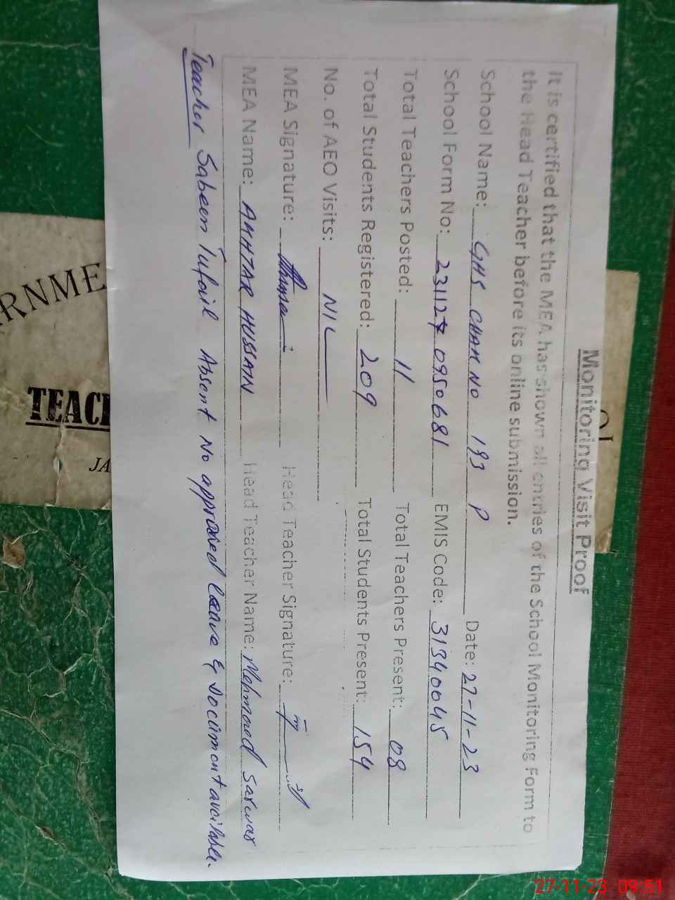 | Attendance Register | Head Teacher | MEA with School | Visit Proof |
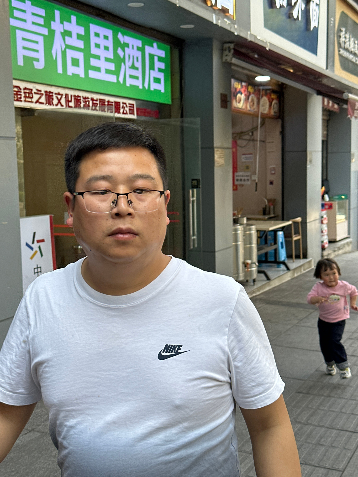A man wearing glasses and a white Nike t-shirt stands on a sidewalk in the Yuzhong District of China. In the background, a child in a pink shirt and dark pants stands further down the sidewalk. A sign…read more
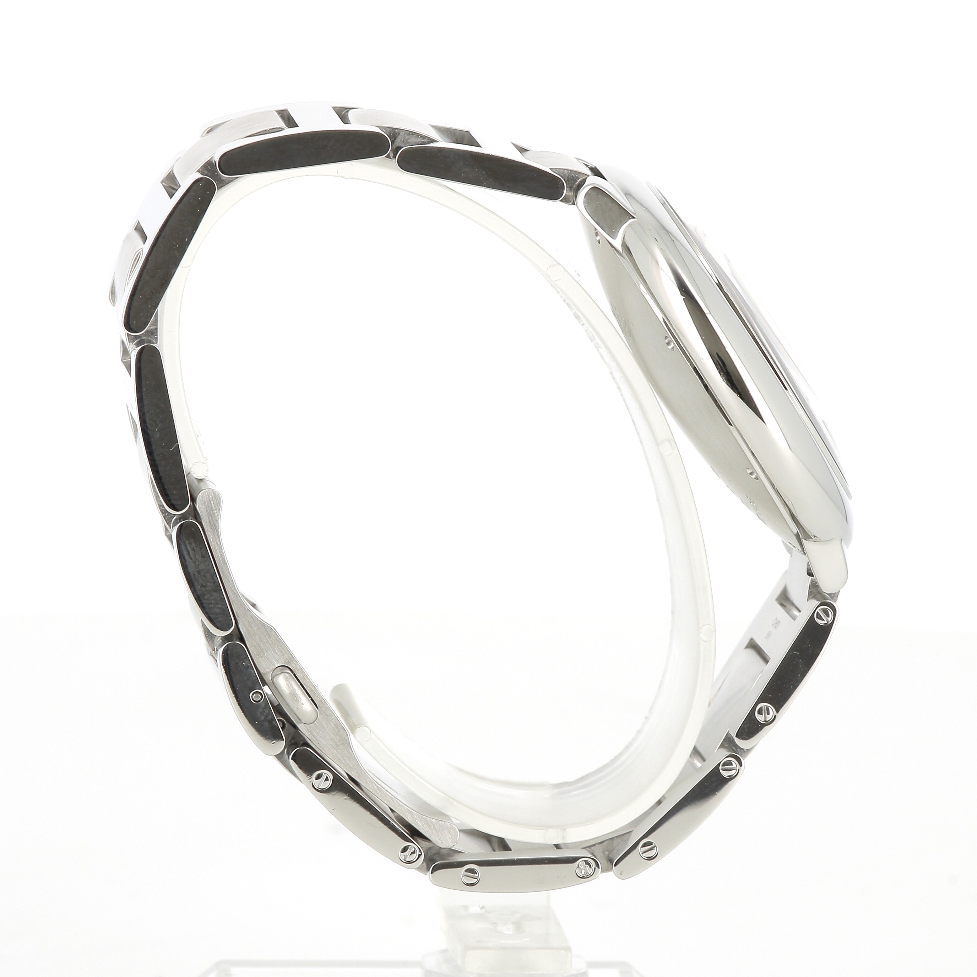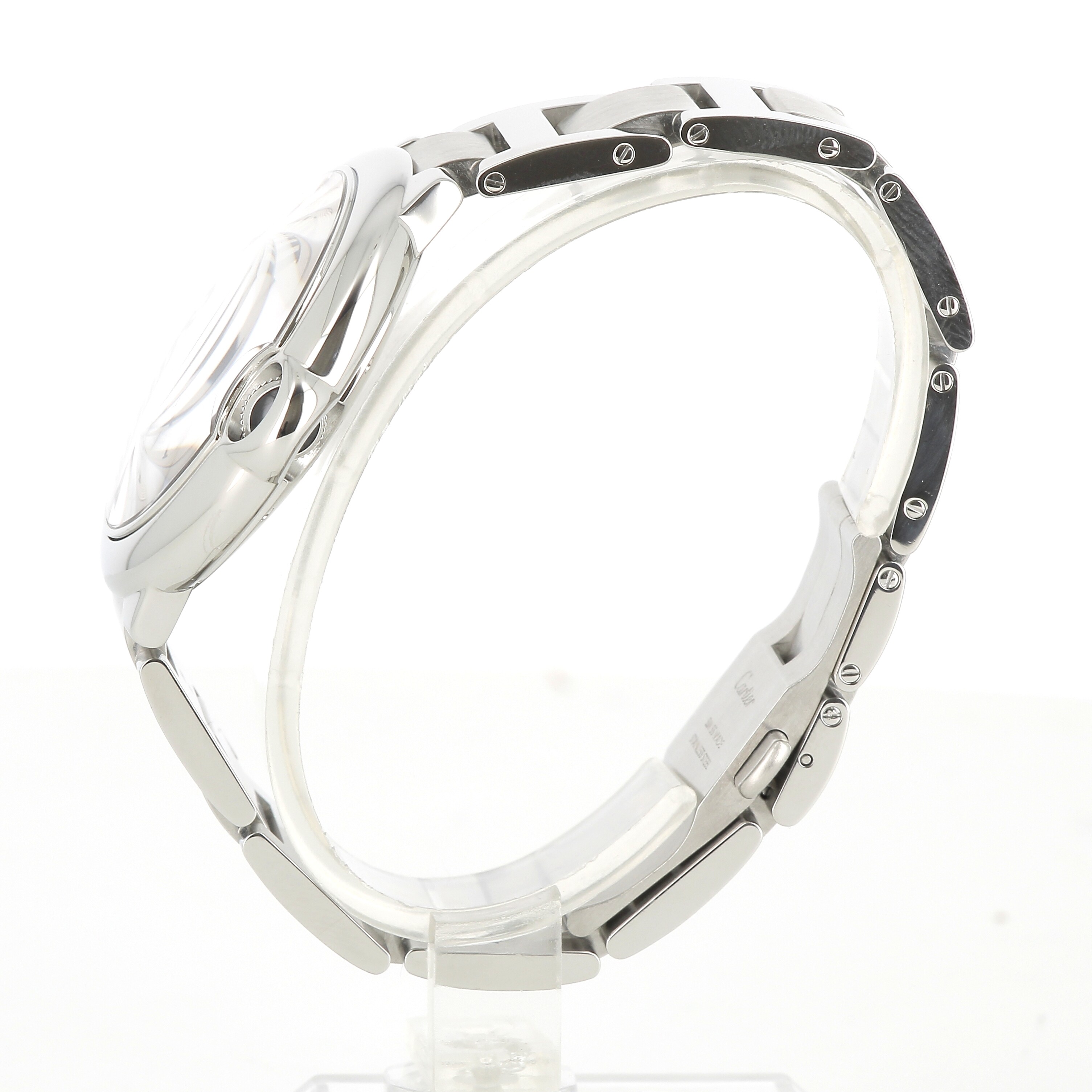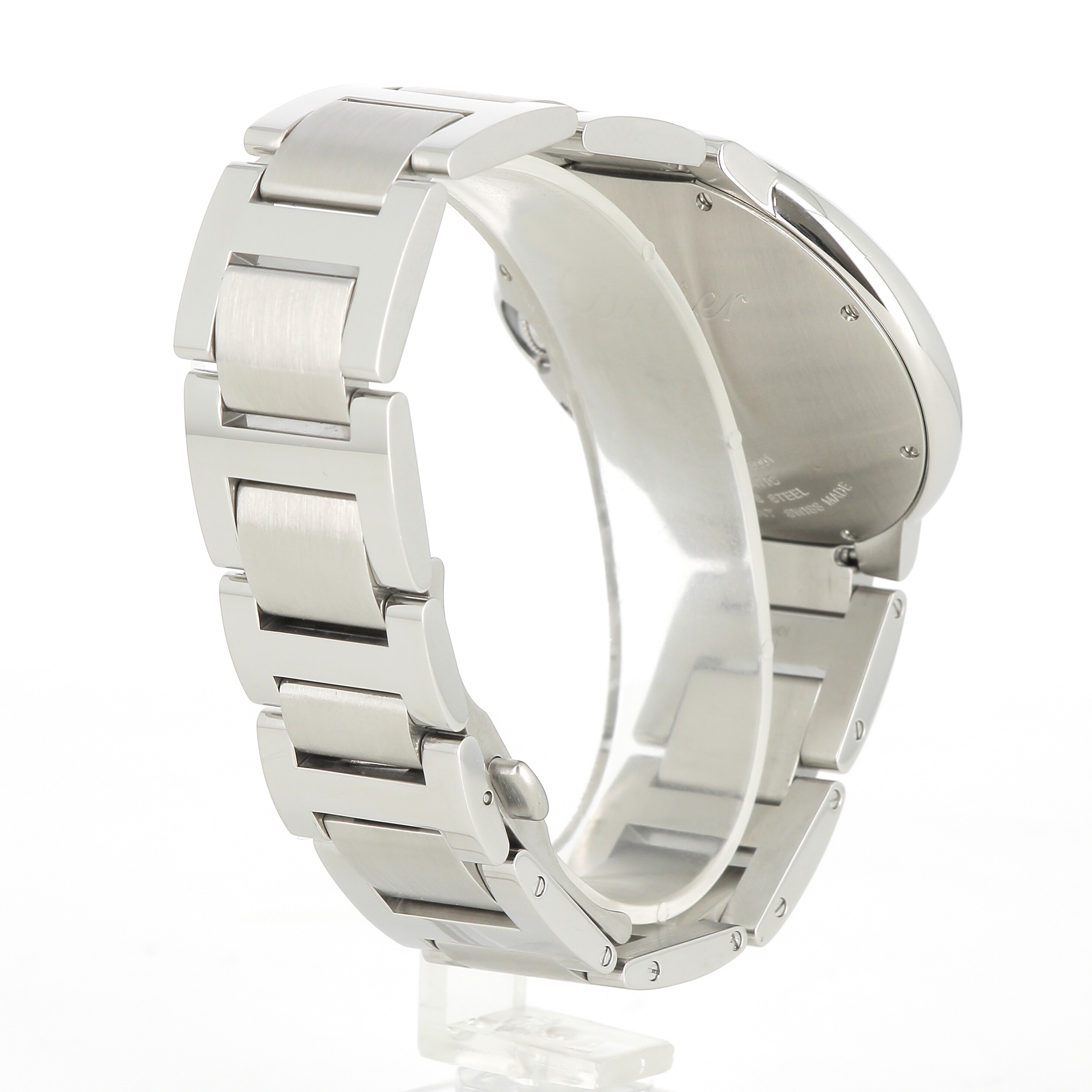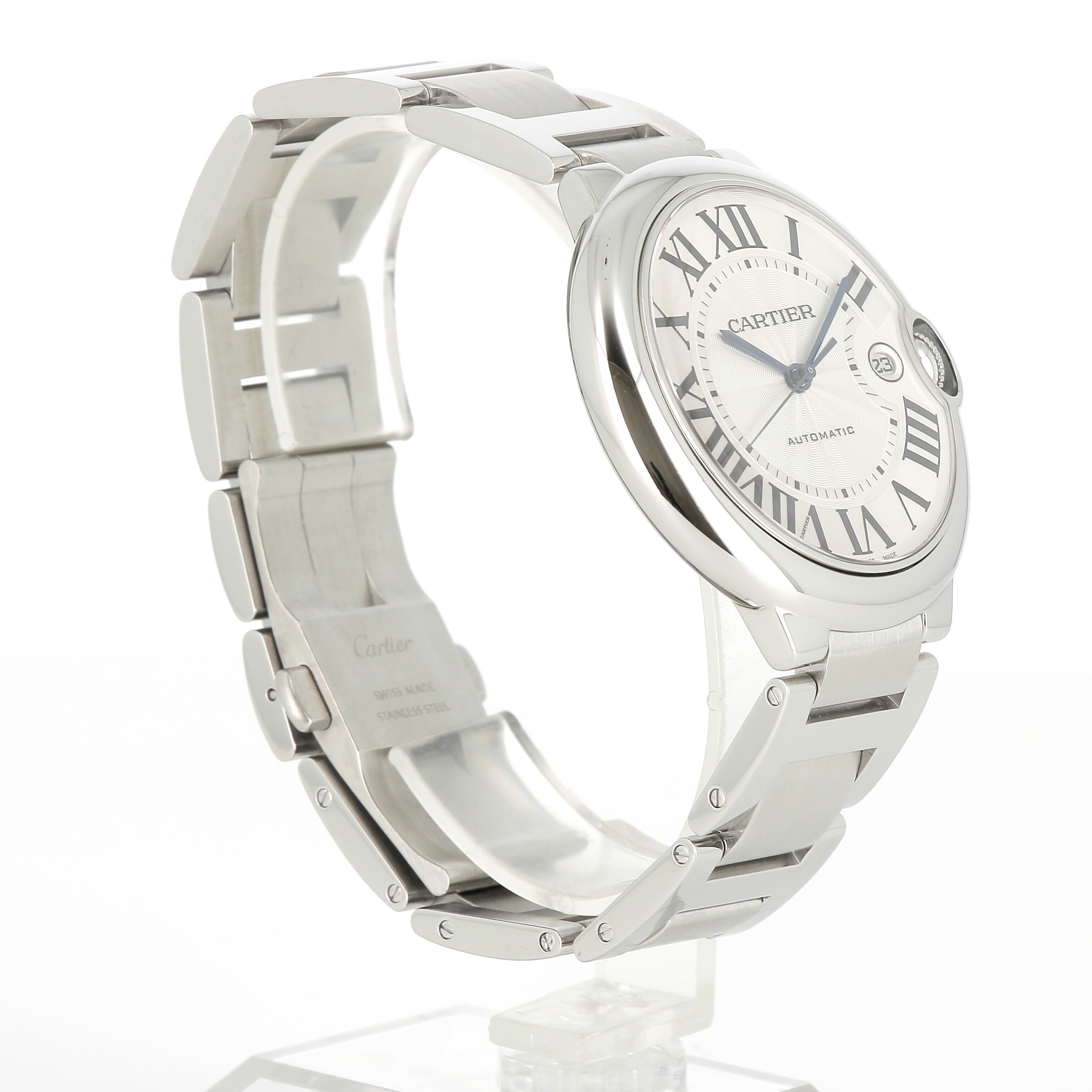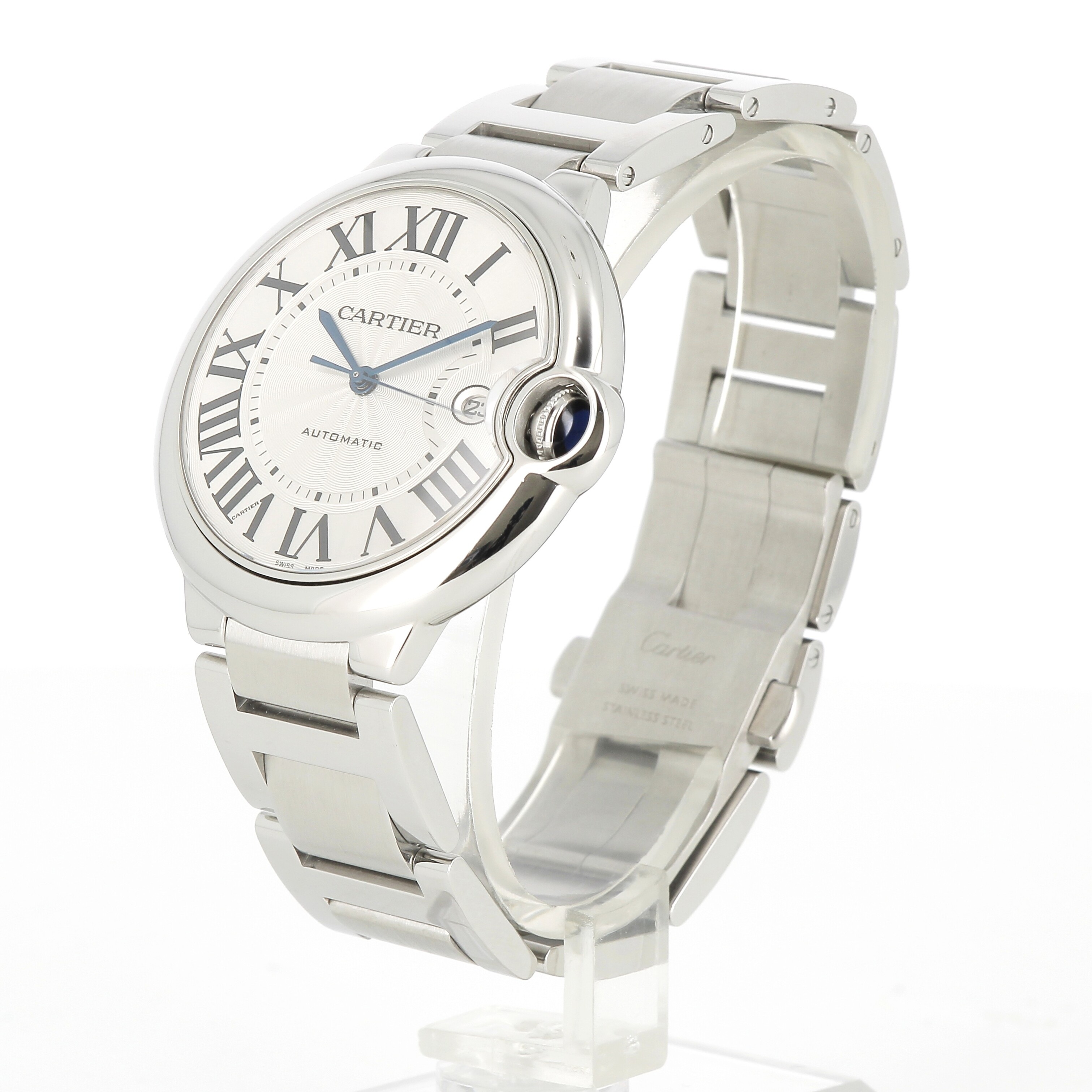Montre Ballon Bleu de Cartier, 42 mm. Mouvement mécanique à remontage automatique 1847 MC. Boîte en acier, couronne cannelée ornée d'un spinelle de synthèse en forme de cabochon. Cadran argenté guilloché. Aiguilles en forme de glaive en acier bleui. Glace saphir. Quantième à guichet à 3 heures. Bracelet interchangeable en acier. Épaisseur : 13 mm. Étanche jusqu'à 3 bar (~30 mètres).
* * *
WHAT IS REQUIRED:
Would you return the data above exactly as written, minus the images?

EXPECTED ANSWER:
 | Attendance Register | Head Teacher | MEA with School | Visit Proof |
A man wearing glasses and a white Nike t-shirt stands on a sidewalk in the Yuzhong District of China. In the background, a child in a pink shirt and dark pants stands further down the sidewalk. A sign…read more
Montre Ballon Bleu de Cartier, 42 mm. Mouvement mécanique à remontage automatique 1847 MC. Boîte en acier, couronne cannelée ornée d'un spinelle de synthèse en forme de cabochon. Cadran argenté guilloché. Aiguilles en forme de glaive en acier bleui. Glace saphir. Quantième à guichet à 3 heures. Bracelet interchangeable en acier. Épaisseur : 13 mm. Étanche jusqu'à 3 bar (~30 mètres).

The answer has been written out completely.